От неожиданности мои руки дрогнули, тяжеленный ухват пополз вниз и влево, утягивая за собой большой темный ржаной каравай, который я как раз вынимала из печи. Я вздернула плечи, пытаясь удержать неуклюжую рогатину.
- Ну, Славка же, помоги-и! – сдавленно провыл смутно знакомый голос. Во дворе что-то затрещало, свалилось, всполошились куры, истерично заорал всегда надменный петух, не своим голосом завопила вредная коза Манефа.
Ба-бах! Каравай покатился по некрашеным половицам, проворно убегая от вывалившегося из рук ухвата.
Я выругалась сквозь зубы, подхватила с пола своевольный кухонный инвентарь и выскочила с ним наперевес во двор.
Перед домом творилось что-то невообразимое.
Куры, энергично подбадриваемые забывшим про спесь петухом, дружно лезли под крыльцо. Сам хозяин курятника нервно топтался рядом, бил крыльями и отчаянно шипел на бестолковых птиц. Заорал он, похоже, от души, голоса на окрики не осталось.
Манефа сосредоточенно пинала рогами свалившийся с лавки ушат.
На земле перед воротами угрожающе подрагивал рогами коровий череп; его лошадиный собрат висел на своем месте, зловеще полыхал пустыми глазницами и отчаянно сквернословил. Эти два черепа заговорила и повесила по обе стороны ворот ещё покойная бабушка Полеля, и на моей памяти не бывало такого, чтобы наши сторожа-привратники покинули отведенное им место или позволили себе сказать лишнее. Ну, то есть, со своими не позволяли, с домашними…

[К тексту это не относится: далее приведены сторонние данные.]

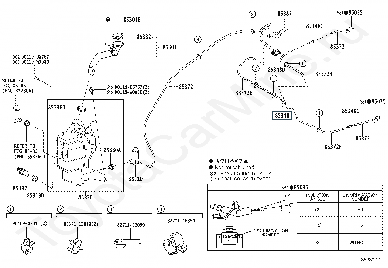 85378-33410, JOINT, WINDSHIELD WASHER HOSE, NO.1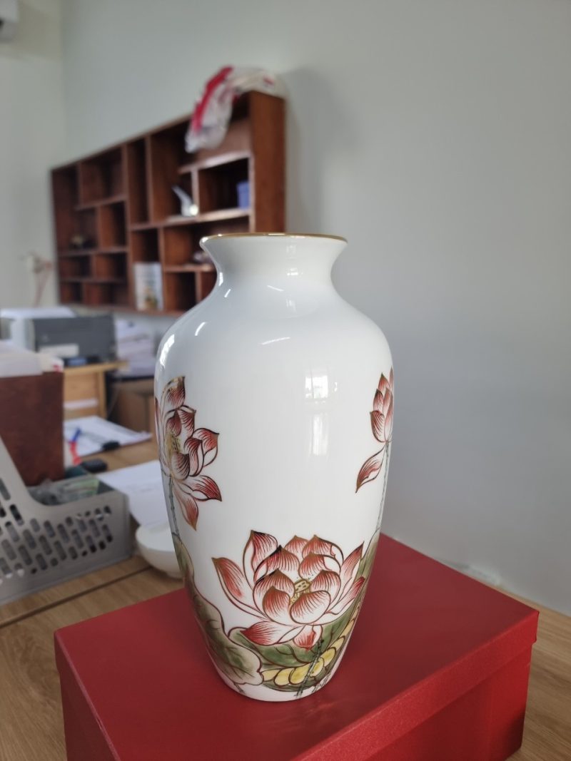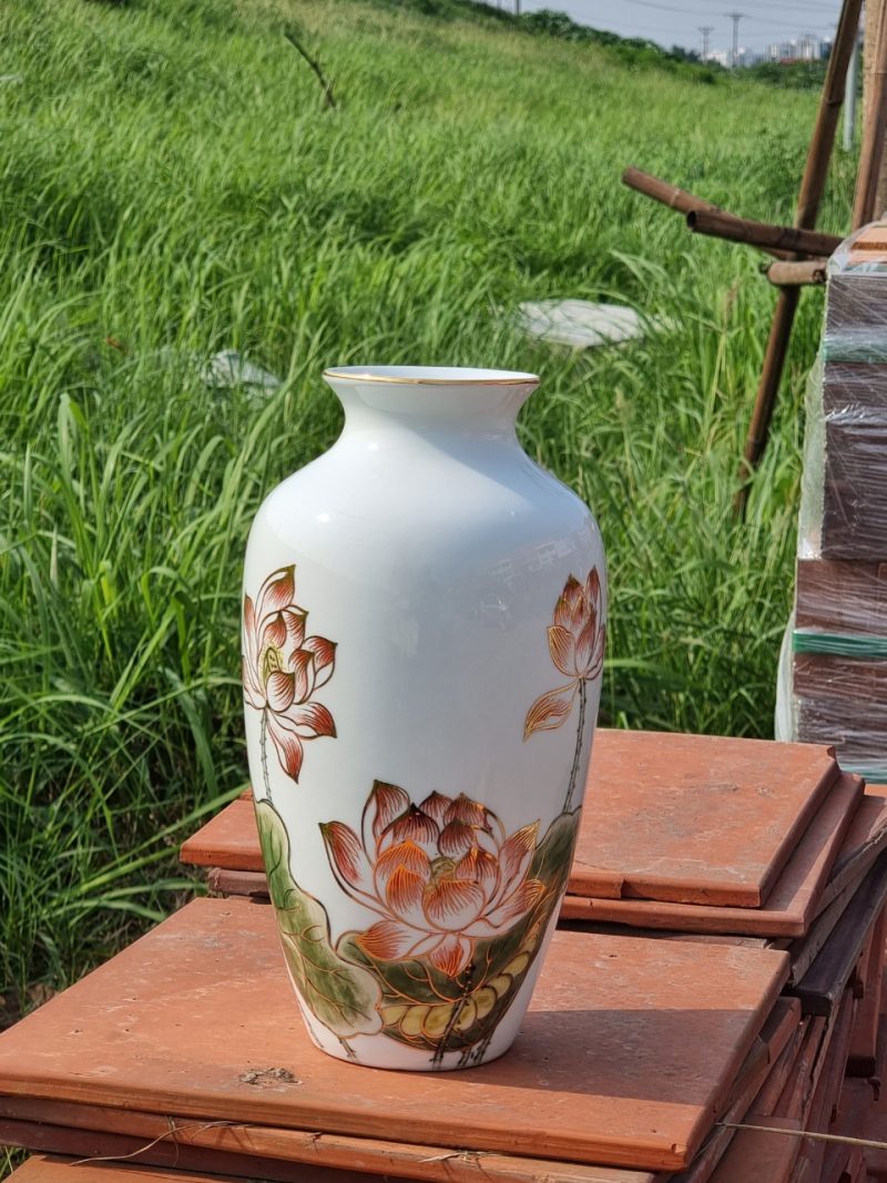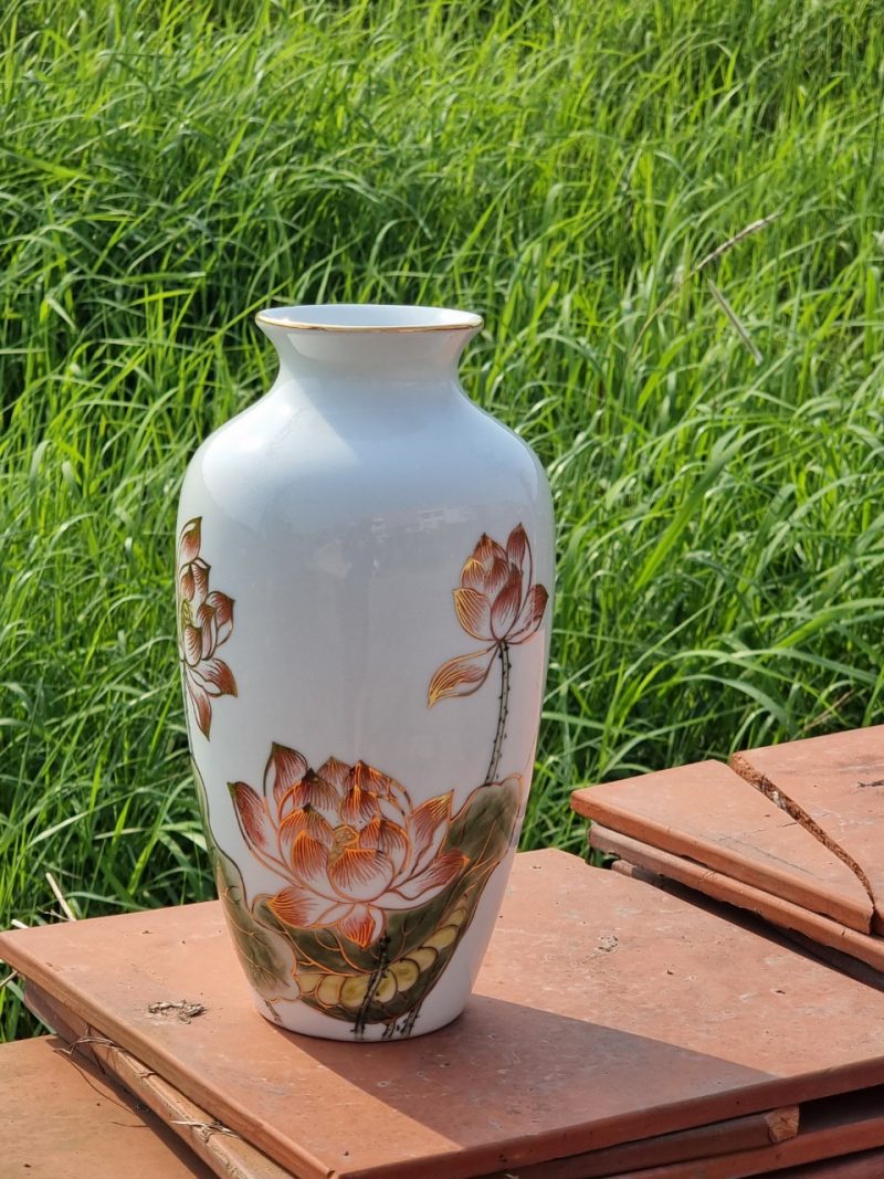 Hãy là người đầu tiên nhận xét “Lọ hoa sen hồng- vẽ vàng– H29”

А на воротах висело нечто неописуемое - небольшое, покрытое клоками серой шерсти и грязно-белыми торчащими во все стороны лохмотьями; при этом оно сверкало вытаращенными желтыми глазами, сипело, издавало треск и упорно лезло во двор.
Я поудобнее перехватила ухват, обреченно вздохнула и шагнула вперед. Хочешь – не хочешь, а хозяйка этого хаоса – я (обычно этот постулат пытался оспорить мой петух, но так это же обычно, а не сегодня). Мне и вперед идти.
- Славка, ты бы от греха в дом спряталась, - обиженно пробубнил лежащий на земле череп, тщетно пытаясь разглядеть сидящего на воротах агрессора.
Трясущейся от страха ногой я отодвинула черепушку в сторонку и осторожно подошла поближе. Кошмар на воротах мне настойчиво кого-то напоминал.
Вдруг висящий на частоколе лошадиный череп несолидно ойкнул и замолчал, а растрепанное чудище ещё сильнее выпучило свои глазищи, судорожно оттолкнулось от тяжелой воротины и с громким треском сигануло мне на грудь.
От испуга я выронила свое грозное оружие, отшатнулась и попыталась оторвать от себя взбесившееся существо. Но оно изо всех сил вцепилось в меня острыми кривыми когтями (сотней, не меньше!), истошно взвыло, опять затрещало и сипло проорало:
- Славка, Славушка, это я, я, я, да помоги же мне, спаси-и-и!!!
- Ме-э-э, - торжествующе проблеяла коза, в очередной раз наподдавая рогами по многострадальному ушату.
Я замерла и уставилась на прижавшееся ко мне чудовище.
- Стёпочка, это ты? – дрожащим голосом пролепетала я. – Ты что, заговорил?!
Мой кот был от ушей до задних лап опутан какими-то грязными то ли тряпками, то ли веревками. На его обычно пушистом, а сейчас обмусоленном хвосте висела трещотка, вроде тех, что частенько делали в деревне, где прошло моё детство, мальчишки. Перемазанная шерсть торчала во все стороны неопрятными клоками. Зверек тяжело дышал, его испуганное сердечко отчаянно колотилось под моей рукой.
- Миленький, да кто же тебя так?! Да как же это?! – бормотала я, пытаясь освободить несчастное животное от опутавших его лохмотьев.
- Не, Слав, без ножа не распутаешь, - авторитетно поведал валяющийся в сторонке коровий череп. А его напарник завозился на заборе и внезапно захохотал басом. Я бы даже сказала, учитывая его происхождение, заржал двусмысленно:
- Во-во, может, что-нибудь лишнее отчекрыжишь этому гуляке, меньше болтаться невесть где будет!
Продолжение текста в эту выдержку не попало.